## ASSIGNED TASK
Copy out exactly the stretch below, from the line with "There are limitations" through the line with "1、新建一個合成項目,分辨率", both included; the pictures stay out.

[Opening DATA IN THIS EXERCISE section]

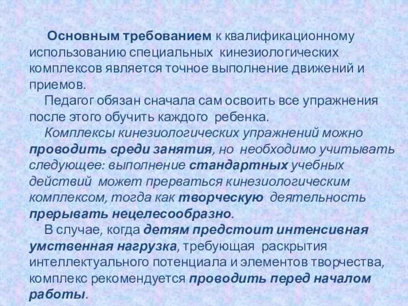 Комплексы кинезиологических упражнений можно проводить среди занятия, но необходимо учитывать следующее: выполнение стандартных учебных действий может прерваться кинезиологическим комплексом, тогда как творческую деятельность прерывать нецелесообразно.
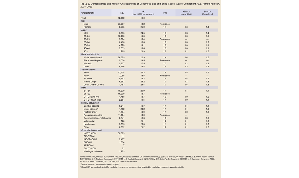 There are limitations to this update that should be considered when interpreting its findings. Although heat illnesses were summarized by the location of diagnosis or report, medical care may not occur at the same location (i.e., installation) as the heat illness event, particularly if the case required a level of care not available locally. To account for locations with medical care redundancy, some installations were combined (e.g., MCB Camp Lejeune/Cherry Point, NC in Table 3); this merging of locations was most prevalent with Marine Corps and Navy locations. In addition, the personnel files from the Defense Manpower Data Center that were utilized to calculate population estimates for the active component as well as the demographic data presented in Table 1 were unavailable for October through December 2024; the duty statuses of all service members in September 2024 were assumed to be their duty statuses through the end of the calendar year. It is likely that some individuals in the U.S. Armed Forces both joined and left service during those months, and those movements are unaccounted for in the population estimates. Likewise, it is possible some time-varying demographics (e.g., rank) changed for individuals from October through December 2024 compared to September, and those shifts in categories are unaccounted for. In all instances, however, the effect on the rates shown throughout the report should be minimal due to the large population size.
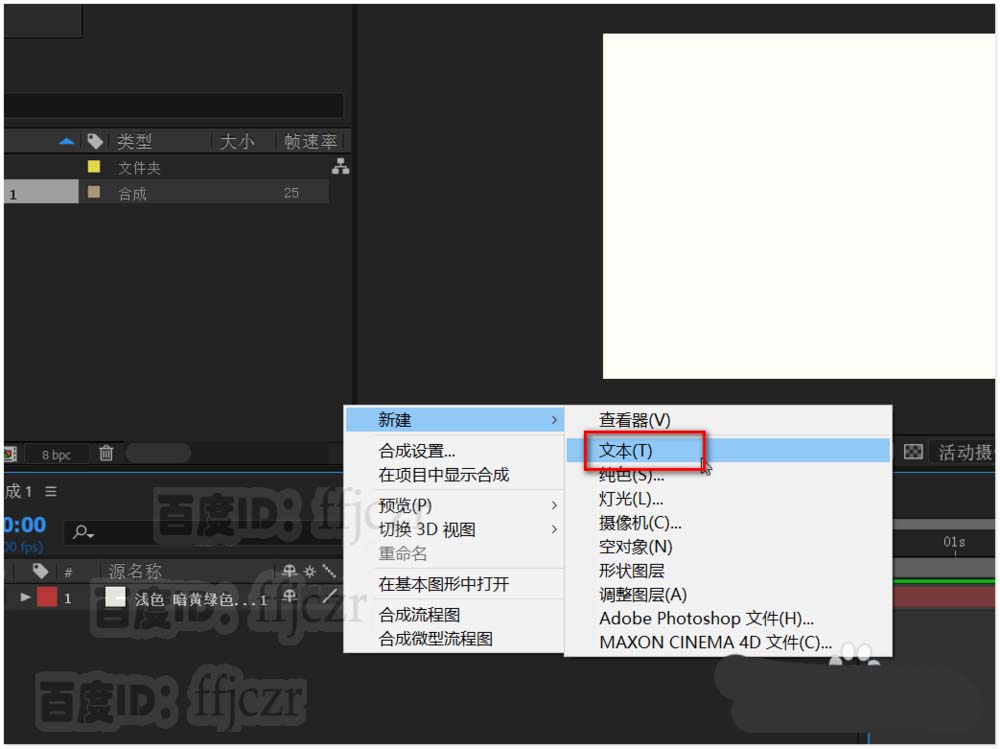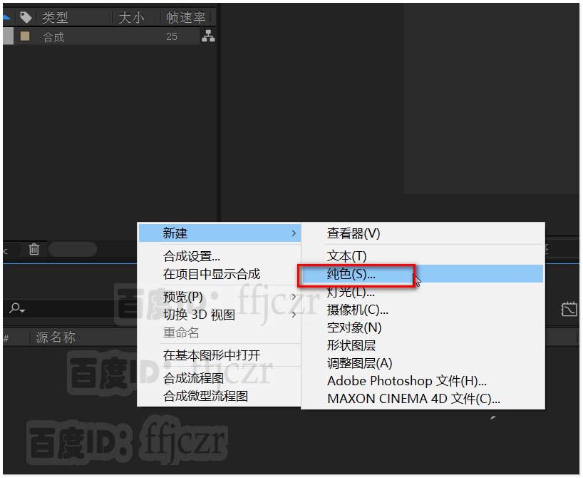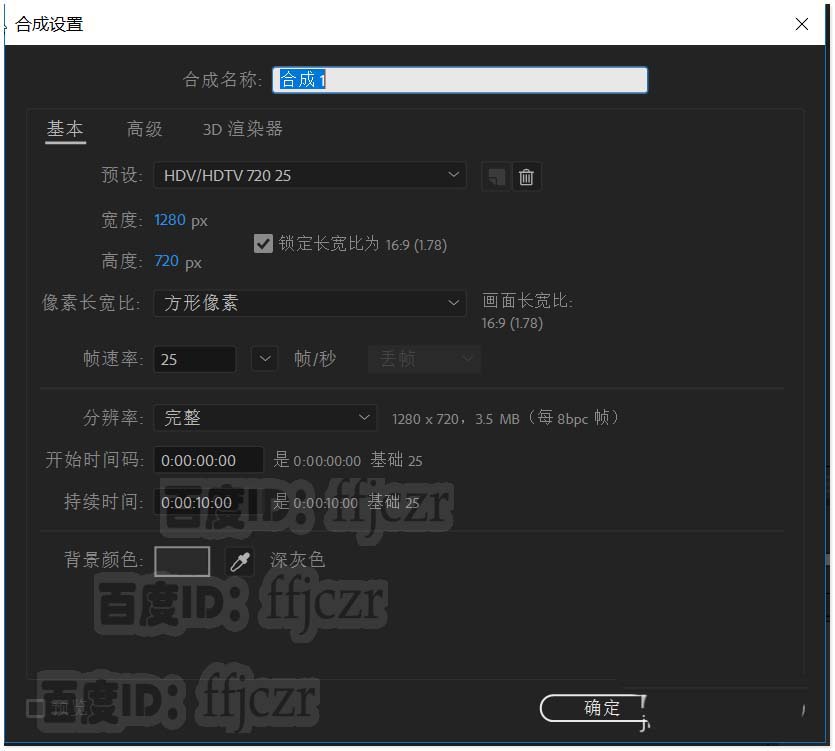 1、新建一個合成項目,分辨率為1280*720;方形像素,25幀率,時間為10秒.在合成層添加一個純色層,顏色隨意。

[Closing DATA IN THIS EXERCISE section]
[Opening DATA IN THIS EXERCISE section]

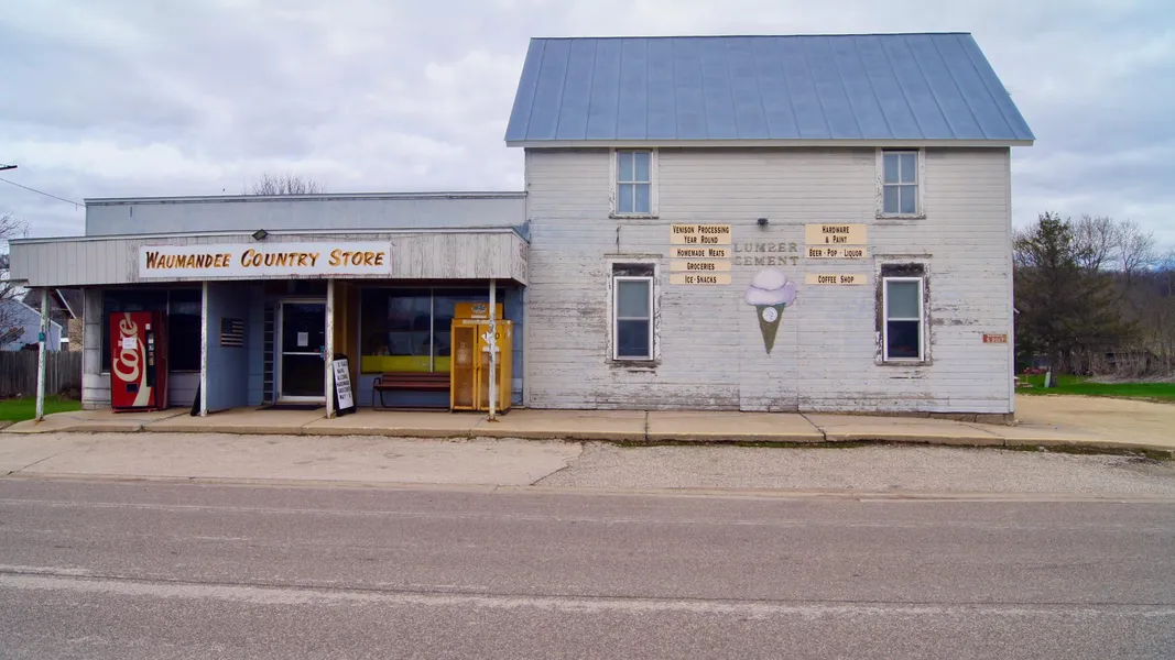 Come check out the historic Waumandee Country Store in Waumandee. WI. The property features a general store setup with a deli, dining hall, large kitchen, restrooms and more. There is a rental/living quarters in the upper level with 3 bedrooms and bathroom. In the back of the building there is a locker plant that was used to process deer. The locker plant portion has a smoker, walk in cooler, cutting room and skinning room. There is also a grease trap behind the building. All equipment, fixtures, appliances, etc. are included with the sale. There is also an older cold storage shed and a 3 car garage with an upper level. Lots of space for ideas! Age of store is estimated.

[Closing DATA IN THIS EXERCISE section]
[Opening DATA IN THIS EXERCISE section]

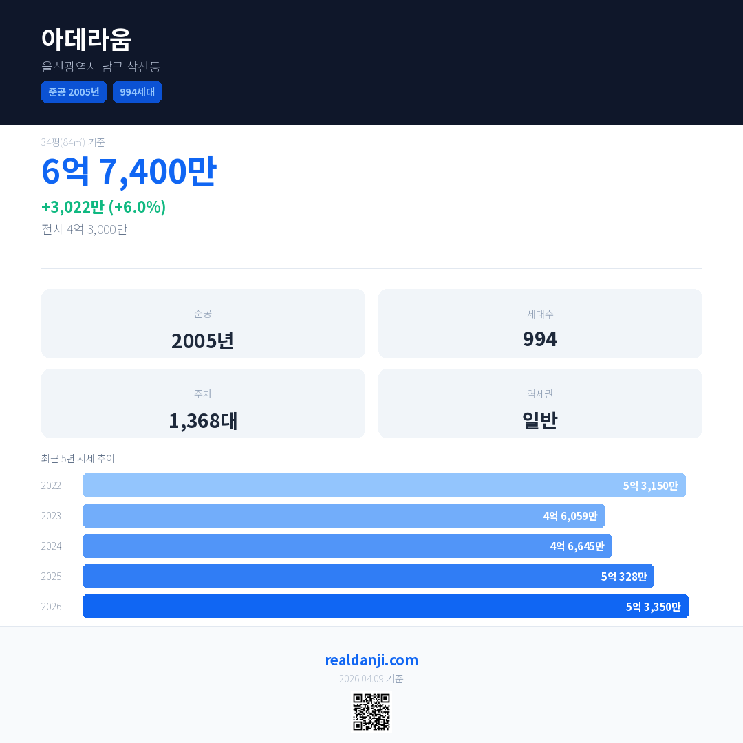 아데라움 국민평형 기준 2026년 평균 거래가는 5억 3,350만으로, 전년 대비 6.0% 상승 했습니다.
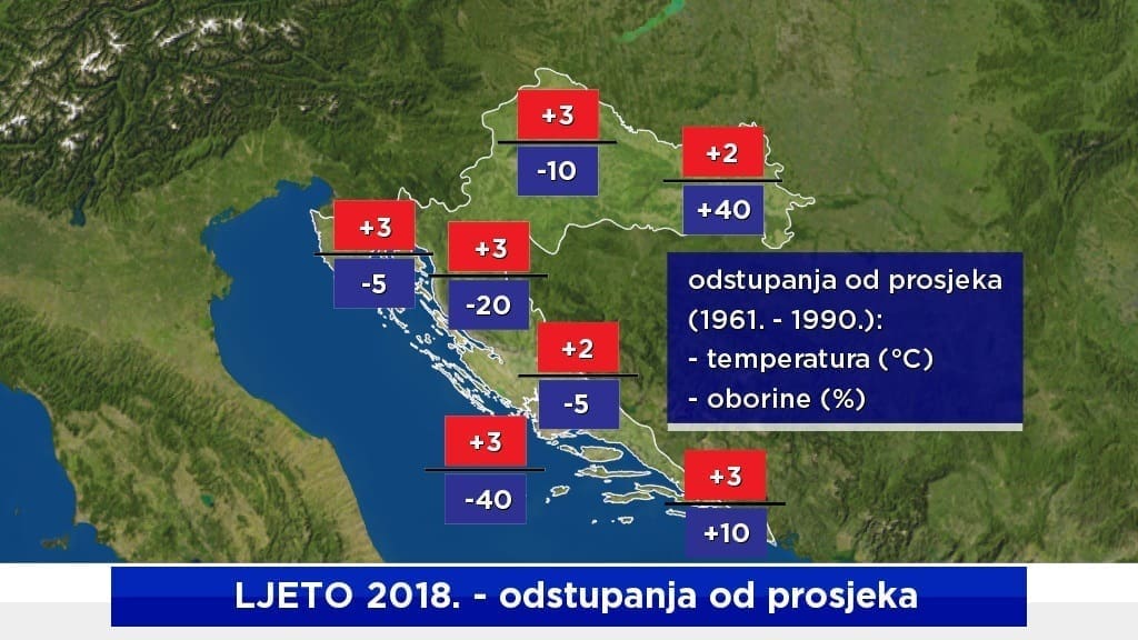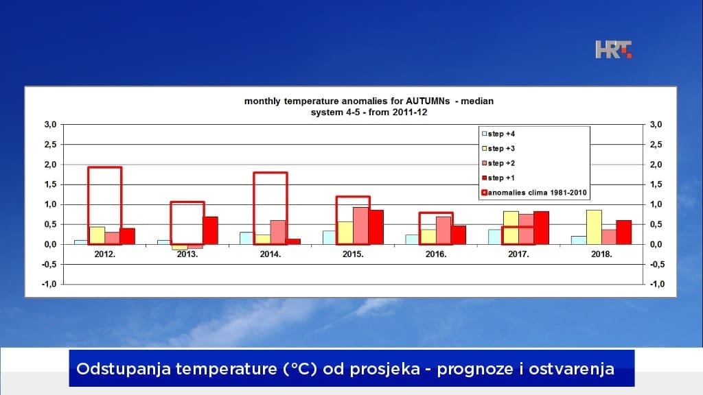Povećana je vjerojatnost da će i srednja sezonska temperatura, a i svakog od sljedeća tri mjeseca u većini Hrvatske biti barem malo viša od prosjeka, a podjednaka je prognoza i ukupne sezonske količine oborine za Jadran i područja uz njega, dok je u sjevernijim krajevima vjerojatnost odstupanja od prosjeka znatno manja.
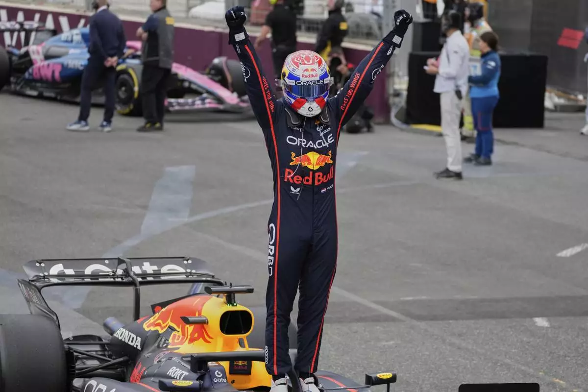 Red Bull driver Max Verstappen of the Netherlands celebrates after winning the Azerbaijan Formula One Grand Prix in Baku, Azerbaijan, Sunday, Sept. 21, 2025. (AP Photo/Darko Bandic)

[Closing DATA IN THIS EXERCISE section]

## OUTPUT
 There are limitations to this update that should be considered when interpreting its findings. Although heat illnesses were summarized by the location of diagnosis or report, medical care may not occur at the same location (i.e., installation) as the heat illness event, particularly if the case required a level of care not available locally. To account for locations with medical care redundancy, some installations were combined (e.g., MCB Camp Lejeune/Cherry Point, NC in Table 3); this merging of locations was most prevalent with Marine Corps and Navy locations. In addition, the personnel files from the Defense Manpower Data Center that were utilized to calculate population estimates for the active component as well as the demographic data presented in Table 1 were unavailable for October through December 2024; the duty statuses of all service members in September 2024 were assumed to be their duty statuses through the end of the calendar year. It is likely that some individuals in the U.S. Armed Forces both joined and left service during those months, and those movements are unaccounted for in the population estimates. Likewise, it is possible some time-varying demographics (e.g., rank) changed for individuals from October through December 2024 compared to September, and those shifts in categories are unaccounted for. In all instances, however, the effect on the rates shown throughout the report should be minimal due to the large population size.
 1、新建一個合成項目,分辨率為1280*720;方形像素,25幀率,時間為10秒.在合成層添加一個純色層,顏色隨意。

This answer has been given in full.